The amount of risk premium included in the cash flows to be discounted will be determined by the private partner's risk tolerance and its desire to be competitive in the bidding process.
Bidders that are more risk averse will include more of the quantified risks in their costs. If they are the successful bidder the result will be a higher ASP that increases the cash flow to the project. This, in turn, reduces the risk to the investors who will require a lower return in order to remain competitive. The lower return will be reflected in a lower WACC, and consequently, a lower discount rate for a project.
If bidders are less risk averse, on the other hand, the opposite will be the case. A bidder that decides to include fewer of the quantified risks in their price will have a lower ASP, potentially resulting in greater uncertainty in their cash flow. This increased uncertainty can be expected to result in investors demanding higher returns. These higher returns will increase the WACC, making the discount rate higher.
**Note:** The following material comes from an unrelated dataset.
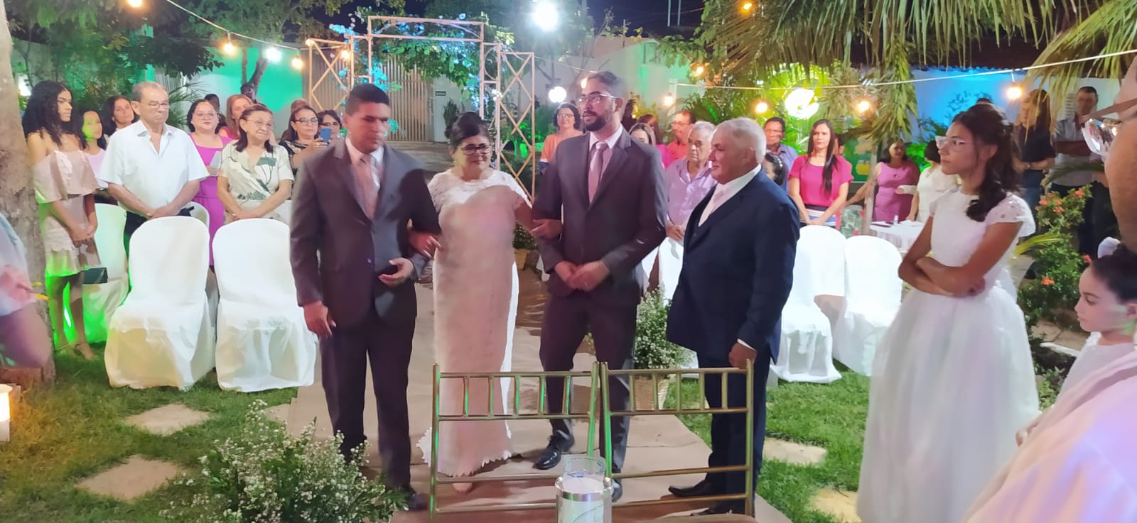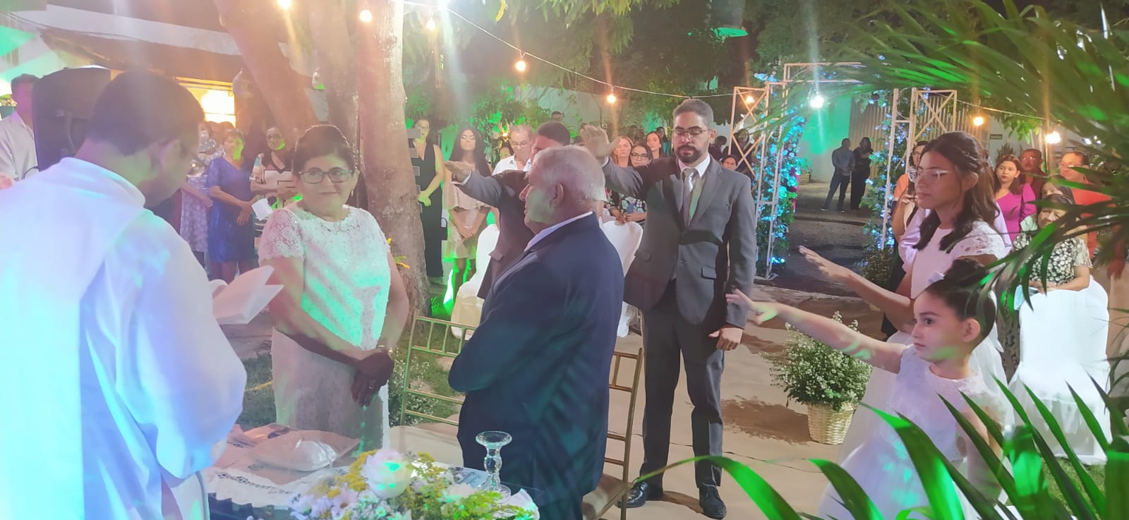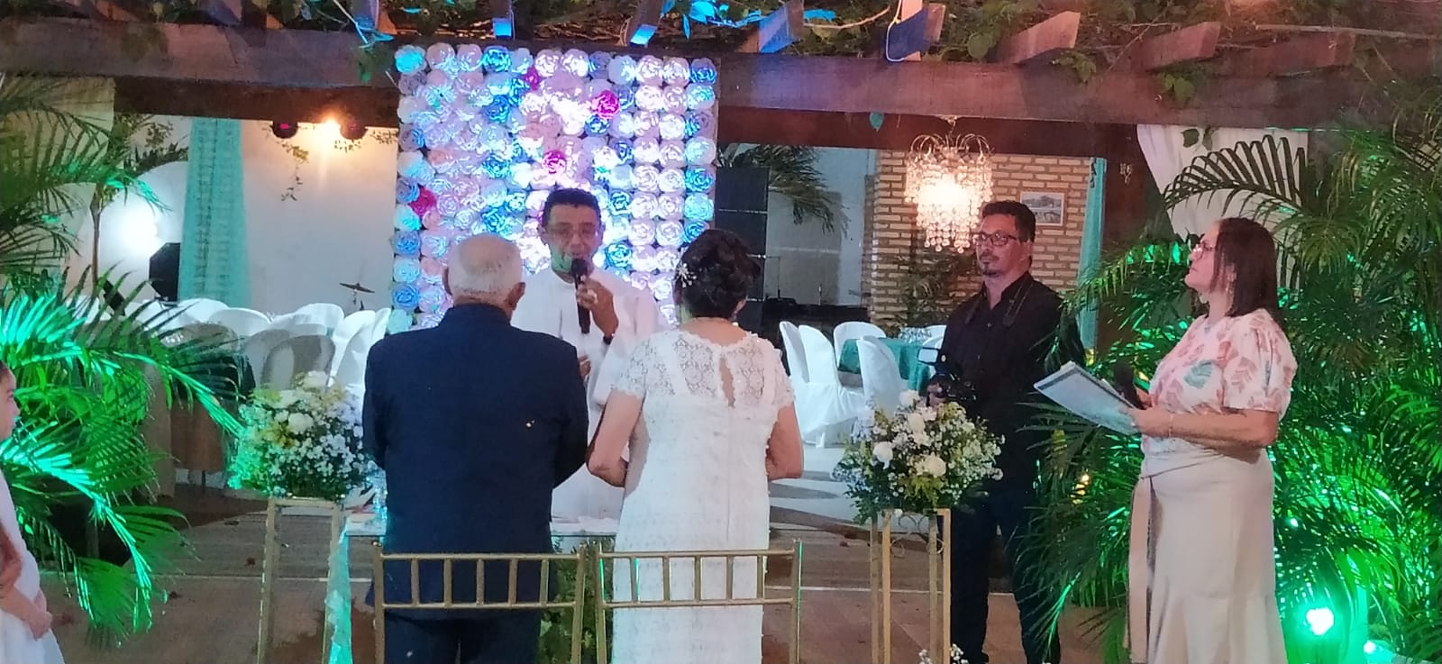 A cerimonia contou com todos os ritos de um casamento: Entrada do noivo Antônio, entrada da noiva Amparo acompanhada dos filhos  Alan e Alex. Teve o momento da entrada com as alianças e a entrada dos filhos com a imagem de Nossa Senhora do Livramento. Houve a troca de alianças com pedras de esmeralda e o juramento. Padre Gilcimar desejou votos de união e felicidades ao casal.

Although the discount rate takes into account the overall risk of a project, it is not directly related to the specific risks quantified in the risk analysis, and continues to address several sources of remaining uncertainty (risk) associated with a project. First, although the risk analysis is comprehensive, it is not possible to quantify the potential cost of every risk associated with a project. There remains the potential for unknown unknowns and additional, un-quantified risks that can affect the outcome of a project. Second, with respect to the estimated cost of risks that are quantified, their expected cost is based on a specific probability level (i.e., P50). This estimate, although very useful for determining the potential financial impact of identified risks, still leaves some variability, or uncertainty, regarding the actual outcomes around that value. Finally, correlation can exist between risks. This means that, although the expected cost of individual risks are estimated, additional risk lies in the degree of correlation between these risks (i.e. the extent to which they interact and move together when they occur), which can have the effect of amplifying their outcome. For these reasons it would not be appropriate to use a risk-free discount rate to evaluate project cash flows, even though an estimate of the potential cost of many key risks is included in the cost estimate.